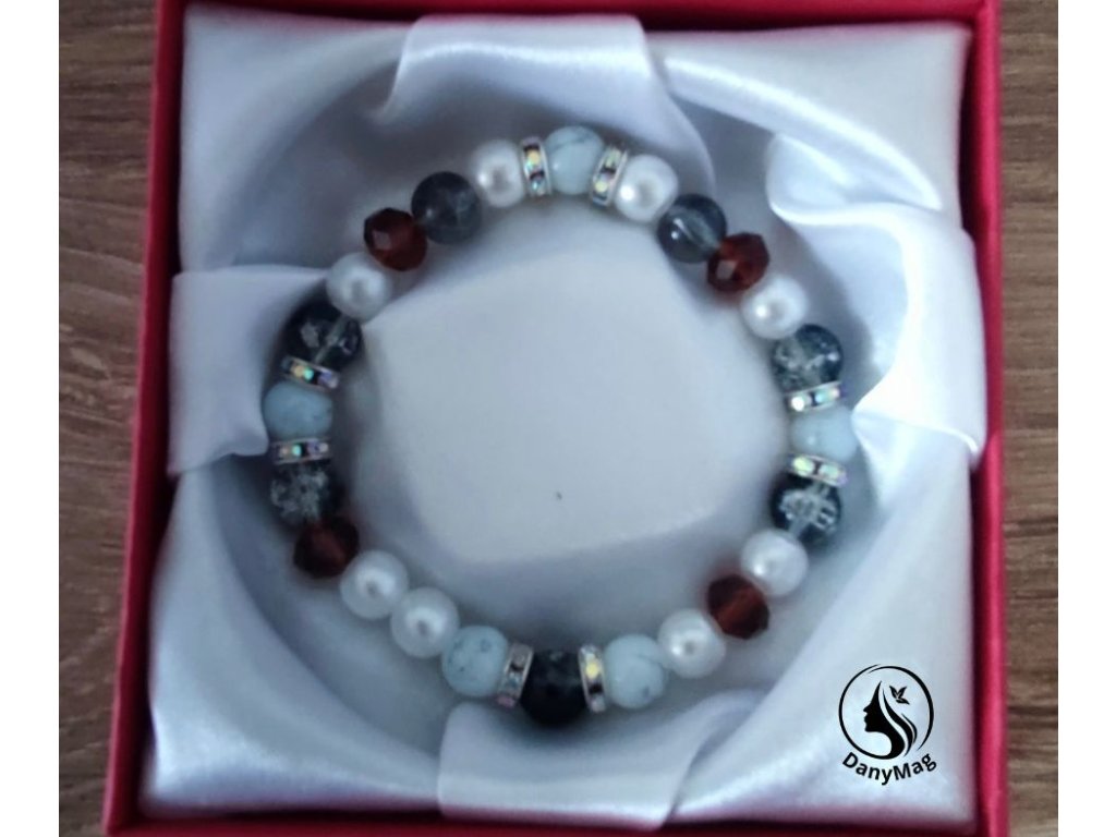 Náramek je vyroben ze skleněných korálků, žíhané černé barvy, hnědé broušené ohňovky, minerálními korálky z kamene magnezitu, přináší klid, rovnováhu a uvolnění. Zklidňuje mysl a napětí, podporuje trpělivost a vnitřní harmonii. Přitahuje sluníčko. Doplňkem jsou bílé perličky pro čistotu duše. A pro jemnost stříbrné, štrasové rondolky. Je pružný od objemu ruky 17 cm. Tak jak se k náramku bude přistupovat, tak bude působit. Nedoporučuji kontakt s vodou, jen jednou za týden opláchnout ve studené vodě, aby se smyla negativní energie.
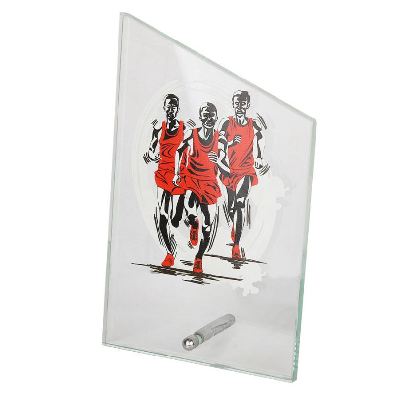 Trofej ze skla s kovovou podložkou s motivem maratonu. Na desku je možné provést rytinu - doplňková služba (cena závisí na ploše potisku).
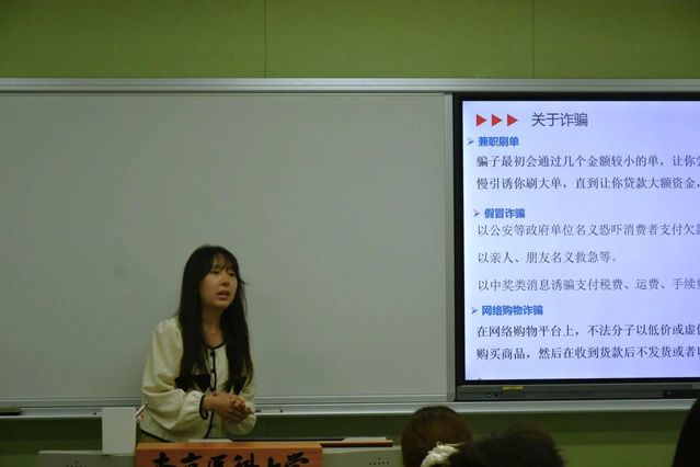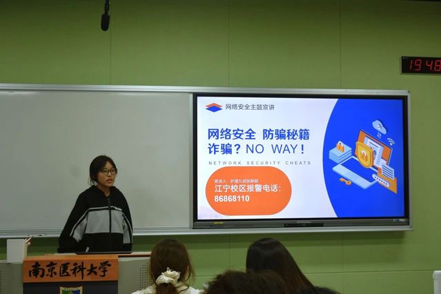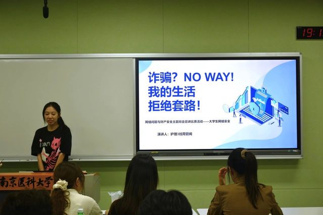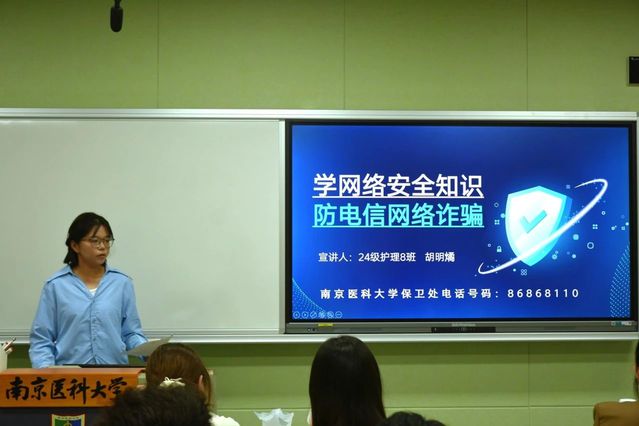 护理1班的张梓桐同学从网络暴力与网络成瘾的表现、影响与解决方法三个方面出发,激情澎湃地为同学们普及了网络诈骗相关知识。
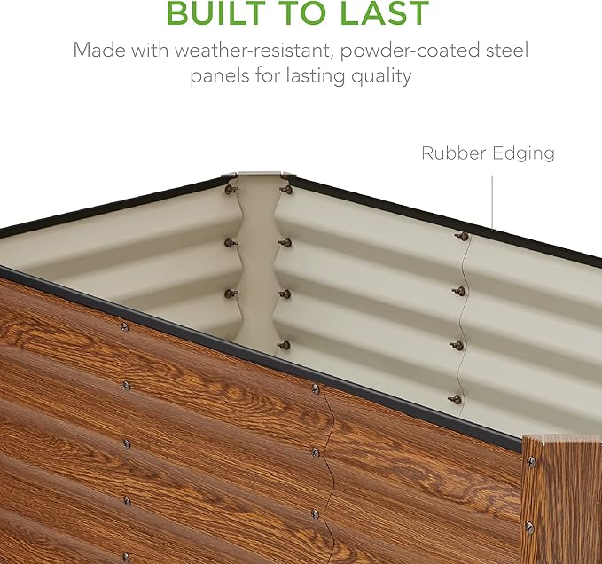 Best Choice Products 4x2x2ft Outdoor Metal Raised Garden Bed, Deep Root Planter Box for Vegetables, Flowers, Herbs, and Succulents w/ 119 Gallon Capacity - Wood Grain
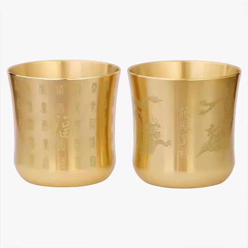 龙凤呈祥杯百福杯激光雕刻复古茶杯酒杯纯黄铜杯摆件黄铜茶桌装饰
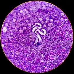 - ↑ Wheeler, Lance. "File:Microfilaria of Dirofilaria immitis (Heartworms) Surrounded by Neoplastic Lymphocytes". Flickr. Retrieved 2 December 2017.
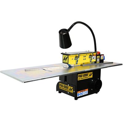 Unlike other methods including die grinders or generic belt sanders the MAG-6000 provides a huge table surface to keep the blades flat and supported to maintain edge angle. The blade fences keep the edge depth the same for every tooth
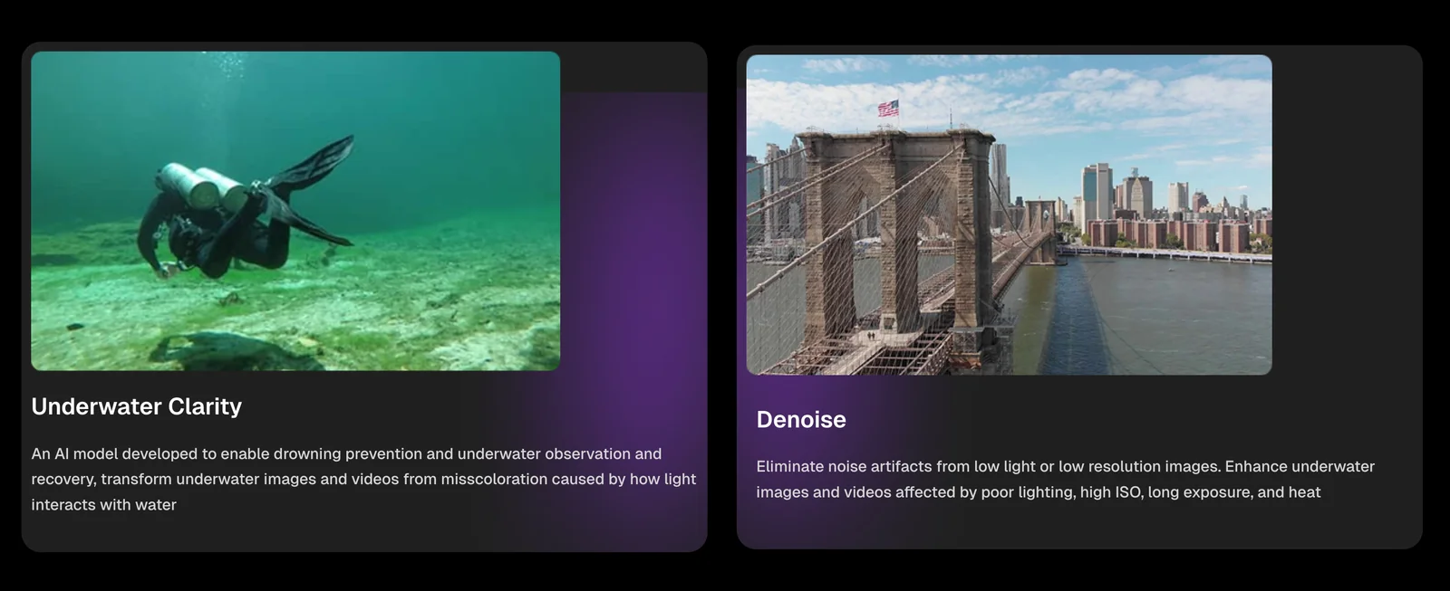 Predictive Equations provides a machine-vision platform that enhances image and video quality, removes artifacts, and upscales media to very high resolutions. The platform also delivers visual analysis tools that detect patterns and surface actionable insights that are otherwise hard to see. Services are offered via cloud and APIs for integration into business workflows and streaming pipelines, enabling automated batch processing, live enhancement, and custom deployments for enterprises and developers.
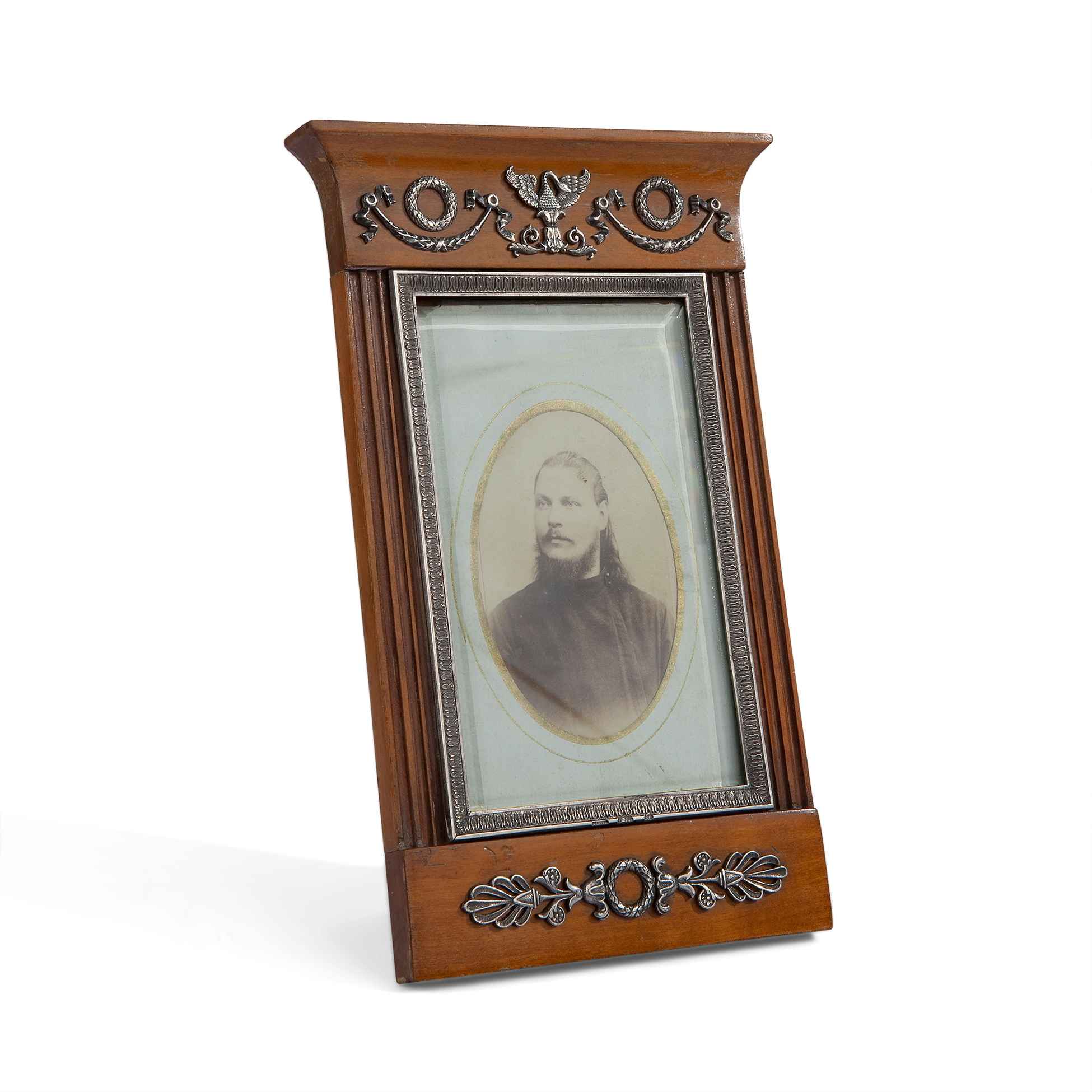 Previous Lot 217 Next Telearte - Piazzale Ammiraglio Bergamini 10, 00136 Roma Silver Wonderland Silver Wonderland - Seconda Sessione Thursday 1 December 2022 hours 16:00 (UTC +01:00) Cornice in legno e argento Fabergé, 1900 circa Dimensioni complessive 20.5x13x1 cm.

» **Aim of the exercise**
Give the lines again exactly, starting where the entries begin and stopping once the line with "护理1班的张梓桐同学从网络暴" is included; pictures are not copied.

» **Your solution**
 Náramek je vyroben ze skleněných korálků, žíhané černé barvy, hnědé broušené ohňovky, minerálními korálky z kamene magnezitu, přináší klid, rovnováhu a uvolnění. Zklidňuje mysl a napětí, podporuje trpělivost a vnitřní harmonii. Přitahuje sluníčko. Doplňkem jsou bílé perličky pro čistotu duše. A pro jemnost stříbrné, štrasové rondolky. Je pružný od objemu ruky 17 cm. Tak jak se k náramku bude přistupovat, tak bude působit. Nedoporučuji kontakt s vodou, jen jednou za týden opláchnout ve studené vodě, aby se smyla negativní energie.
 Trofej ze skla s kovovou podložkou s motivem maratonu. Na desku je možné provést rytinu - doplňková služba (cena závisí na ploše potisku).
 护理1班的张梓桐同学从网络暴力与网络成瘾的表现、影响与解决方法三个方面出发,激情澎湃地为同学们普及了网络诈骗相关知识。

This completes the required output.